Genome Comparisons between Botrytis fabae and the Closely Related Gray Mold Fungus Botrytis cinerea Reveal Possible Explanations for Their Contrasting Host Ranges

J. Fungi 2024, 10(3), 216; https://doi.org/10.3390/jof10030216
by Klaus Klug 1,†, Pinkuan Zhu 1,2,†, Patrick Pattar 1, Tobias Mueller 1, Nassim Safari 1, Frederik Sommer 1, Claudio A. Valero-Jiménez 3, Jan A. L. van Kan 3, Bruno Huettel 4, Kurt Stueber 4, David Scheuring 1, Michael Schroda 1 and Matthias Hahn 1,*
Reviewer 1: Anonymous
Reviewer 2: Anonymous
J. Fungi 2024, 10(3), 216; https://doi.org/10.3390/jof10030216
Submission received: 12 February 2024 / Revised: 11 March 2024 / Accepted: 11 March 2024 / Published: 14 March 2024
(This article belongs to the Section Fungal Genomics, Genetics and Molecular Biology)

Round 1

Reviewer 1 Report

Dear Authors,

I have had the privilege of reviewing your manuscript entitled "Comprehensive Genome Analysis of Botrytis fabae: Insights into Host Specificity and Evolution," which delves into the genetic underpinnings that distinguish Botrytis fabae's host specificity from the broad host range of Botrytis cinerea. Your work is a significant contribution to the field of phytopathology, offering deep insights into the evolutionary mechanisms that drive host specificity in fungal pathogens.

Your introduction effectively sets the stage by highlighting the economic and ecological relevance of understanding fungal pathogen evolution. However, a more detailed discussion on the impacts of both B. fabae and B. cinerea, coupled with a review of existing literature on fungal host specificity, could provide a richer context for your study. In the materials and methods section, the use of cutting-edge sequencing technologies and thorough genomic analyses stands out as a robust approach. Nonetheless, incorporating additional comparative or protein-interaction analyses could further elucidate the functional implications of the genomic differences observed.

The results section provides compelling evidence of the genetic mechanisms underlying host specificity in B. fabae, notably through gene loss and degeneration. While these findings are significant, a more detailed functional analysis of identified genes and proteins could enhance understanding of their roles in pathogenicity. The discussion integrates your findings within the broader context of pathogen evolution and host interaction, offering valuable insights into the genetic basis of host specificity. Expanding this discussion to include potential agronomic implications and future research directions could increase the relevance and applicability of your work.
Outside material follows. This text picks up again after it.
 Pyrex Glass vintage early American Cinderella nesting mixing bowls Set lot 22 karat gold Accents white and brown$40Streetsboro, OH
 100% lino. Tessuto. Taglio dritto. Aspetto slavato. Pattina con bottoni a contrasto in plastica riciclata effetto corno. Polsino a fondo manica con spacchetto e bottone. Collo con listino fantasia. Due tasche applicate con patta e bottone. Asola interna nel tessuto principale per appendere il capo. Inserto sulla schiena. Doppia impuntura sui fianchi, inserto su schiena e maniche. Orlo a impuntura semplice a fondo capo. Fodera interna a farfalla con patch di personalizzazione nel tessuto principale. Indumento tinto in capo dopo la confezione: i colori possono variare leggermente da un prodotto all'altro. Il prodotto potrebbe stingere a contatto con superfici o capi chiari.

Before proceeding to the final decision, it is essential to note that the manuscript does not currently adhere to the formatting template required by the journal. Ensuring that your submission conforms to the journal's template in your next version will be necessary for publication consideration.

Overall, your manuscript is a substantial contribution to our understanding of fungal pathogen evolution and host specificity. It opens new avenues for research into the genetic factors that underpin pathogen-host interactions and offers potential strategies for crop protection and disease management.
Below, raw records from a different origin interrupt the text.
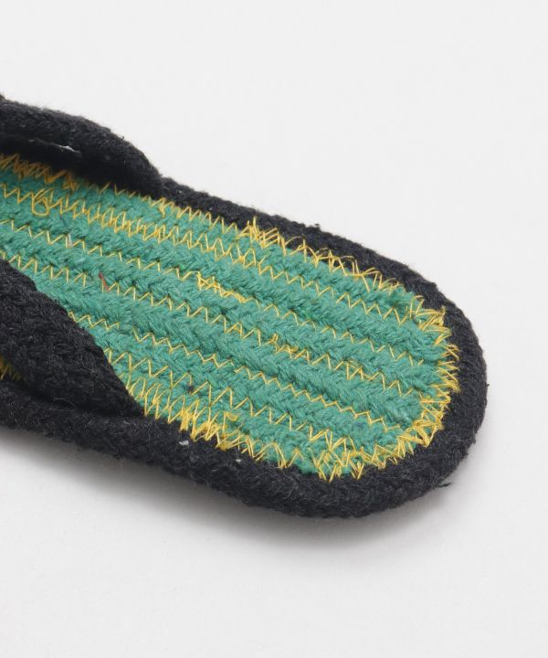 吸水性・通気性に優れているインド綿を使用した、肌触りの良いルームサンダル。繊維をリサイクルしてよりあげた糸を使うことで、素足にも環境にも優しいサステナブルなアイテム。3サイズでカラーバリエーションもユニセックスな5カラー展開。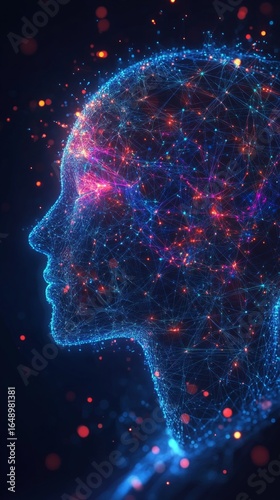 Sticker : Abstract digital background texture human head texture of glowing dots and lines on dark background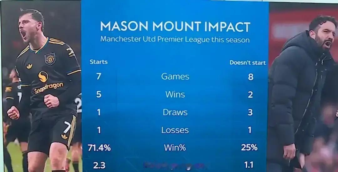 有芒特和没芒特的曼联,真不是一回事。 本赛季他首发7场,曼联拿了5胜1平1负。没让他首发的比赛,胜率才25%。 为啥这么大差别?他能覆盖左半扇,啥都会点——传球带球突破都有。最重要的是,他在左前腰位置站着,B费就能去中路。 B费本来就适合中路自由人,踢左边根本不行。之前滕哈赫试过让他踢左前腰或者左边路,效果都拉胯。 这差距不是一点点,肉眼可见的大。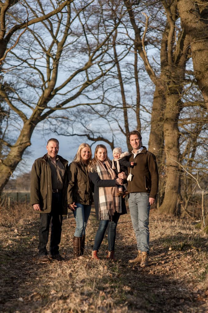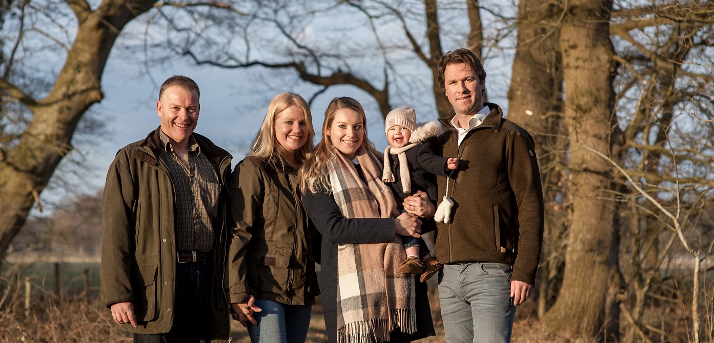 Van links naar rechts: Jaco van Kampen, Romy van Kampen, Lisa van Kampen met haar dochtertje Sophia op de arm en David Kremer.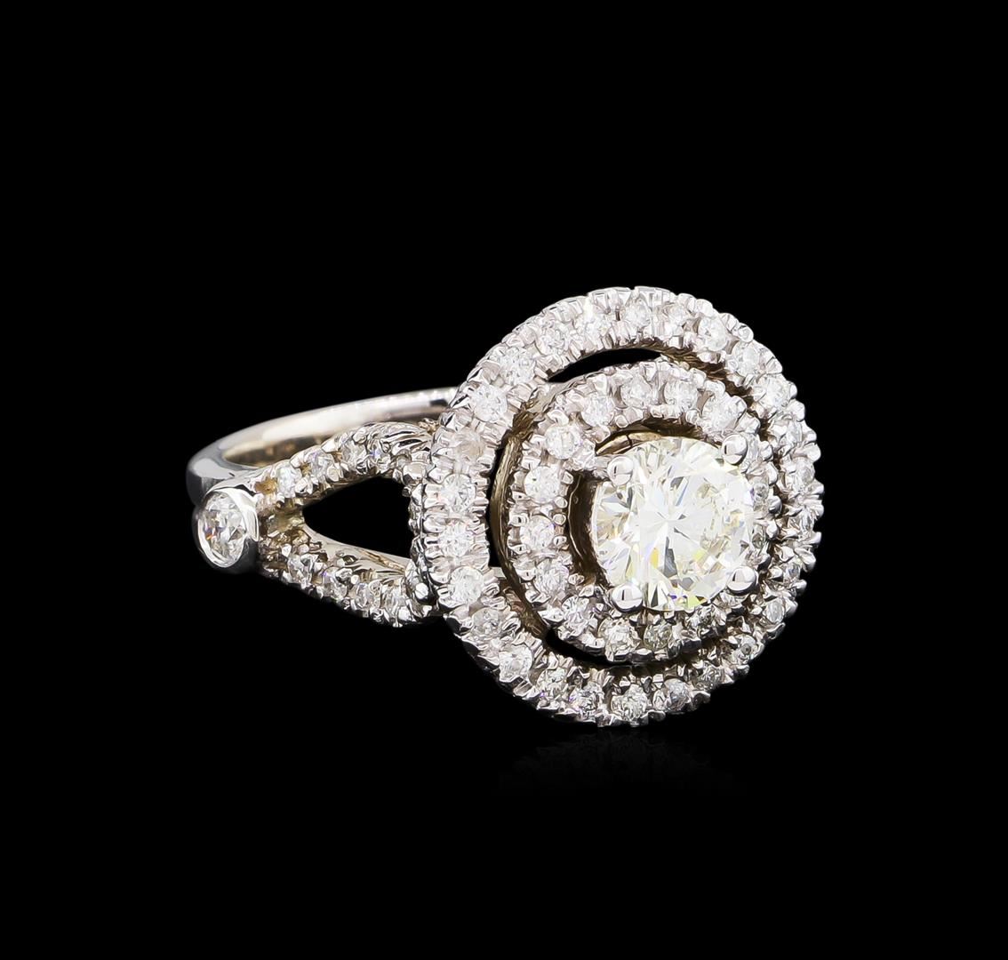 One electronically tested 14KT white gold lady's combination cast & assembled wedding ring with a cathedral shank with a double halo with a bright polish finish. The featured lady's ring has a double shank measuring 3.52 millimeters wide. Identified with markings of "14K". Condition is new, good workmanship. Containing: One prong set round brilliant cut diamond, measuring 6.30 - 6.25 x 3.96mm (depth est.) , 5.00.%. GTCF approximate weight of 1.02ct. EGL Laboratory Report #1502450624. Clarity: SI-1. Color: F. Cut Excellent Two bezel set round brilliant cut diamonds, measuring 2.60 - 2.55 x 1.63mm (depth est.) approximate total weight of 2 Stones = 0.14ct. Graded in the setting. Clarity: SI-2. Color: Good Ninety-Two prong set round brilliant cut diamonds, measuring 1.40 - 1.25 x 0.84mm (depth est.) approximate total weight of 92 Stones = 0.84ct. Graded in the setting. Clarity: SI-1 to I-1. Color: H - I. Cut Good. Total Weight of Diamonds 2.00ct. Total Weight of Ring 8.80gm. GAS Appraised at $20,635.00.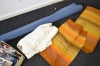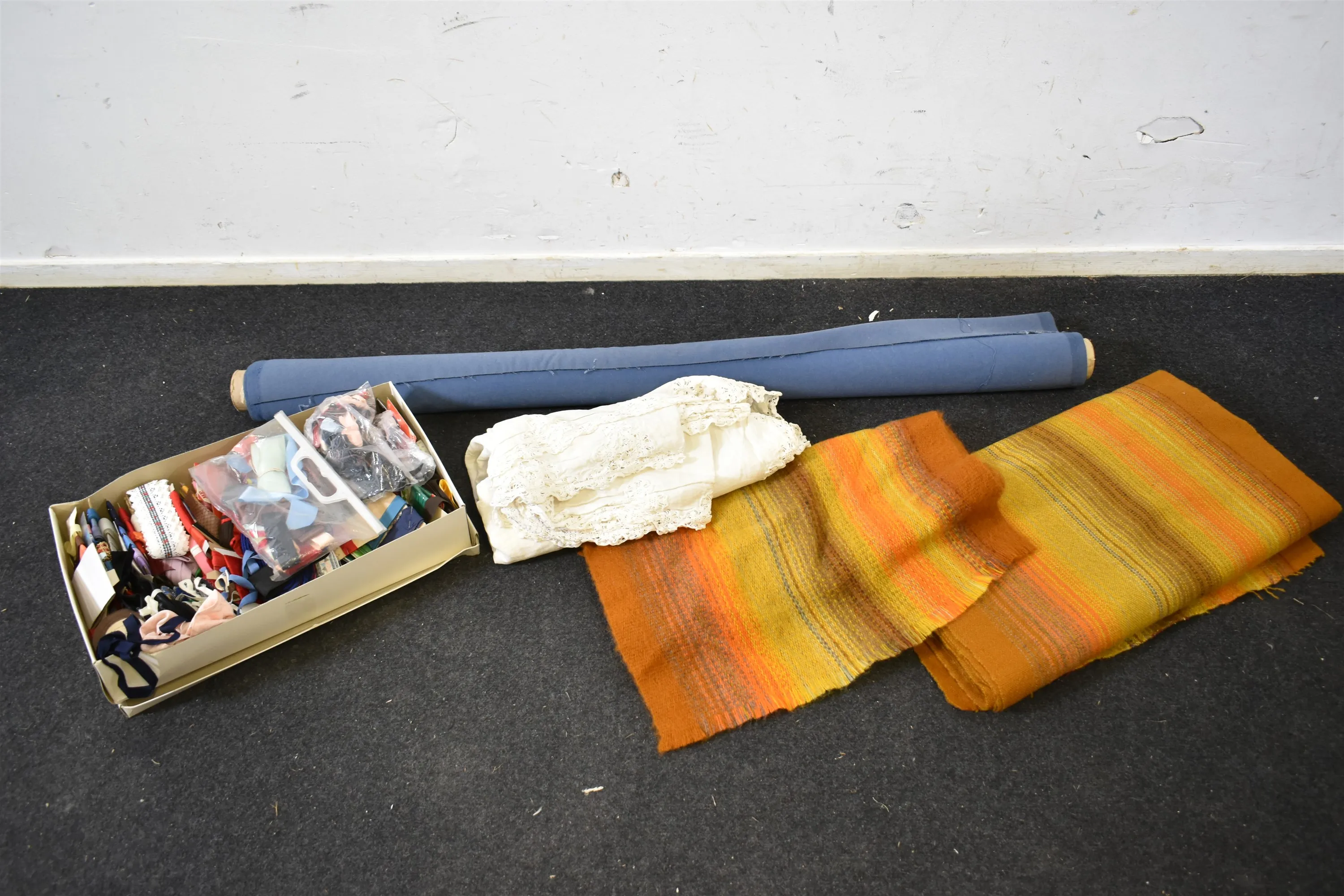 11677. Parti textilier bla tyg på rulle och diverse band till sömnad, längd på rulle 133 cm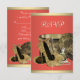 Modelo de RSVP para festa de aniversário com laranja de goiaba elegante e sapatos de salto alto dourados. Este lindo RSVP de festa com sapatos de salto alto dourados e cor laranja coral pode ser facilmente personalizado para o seu evento, simplesmente escolhendo o botão "Personalize!" para começar a adicionar os detalhes do seu evento, estilo de fonte, tamanho e cor da fonte e texto. Por favor, note que todos os adesivos, cartões e convites que você encontrará na Zazzle são gráficos impressos sem joias, laços, relevos, ou peças ou partes adicionais.

As for revisions, I suggest minor revisions to strengthen your manuscript. First, expanding the introduction to include a broader review of the economic impacts and previous research on fungal host specificity would provide a more comprehensive background. Second, incorporating additional functional analyses or comparative studies could substantiate the link between genomic variations and pathogenicity. Lastly, a more detailed exploration of the agronomic implications of your findings in the discussion would enhance the practical relevance of your study.

Given the depth of your research, the minor nature of the suggested revisions, and the need to adjust the manuscript format to the journal's template, I believe your manuscript should be considered for publication following minor revision. Your work represents a meaningful advancement in the field of phytopathology and microbial evolution, and I anticipate that it will spark further research into the mechanisms of host specificity in fungal pathogens.

Sincerely,

No minor details are commented.

Author Response

Point 1:

First, expanding the introduction to include a broader review of the economic impacts and previous research on fungal host specificity would provide a more comprehensive background.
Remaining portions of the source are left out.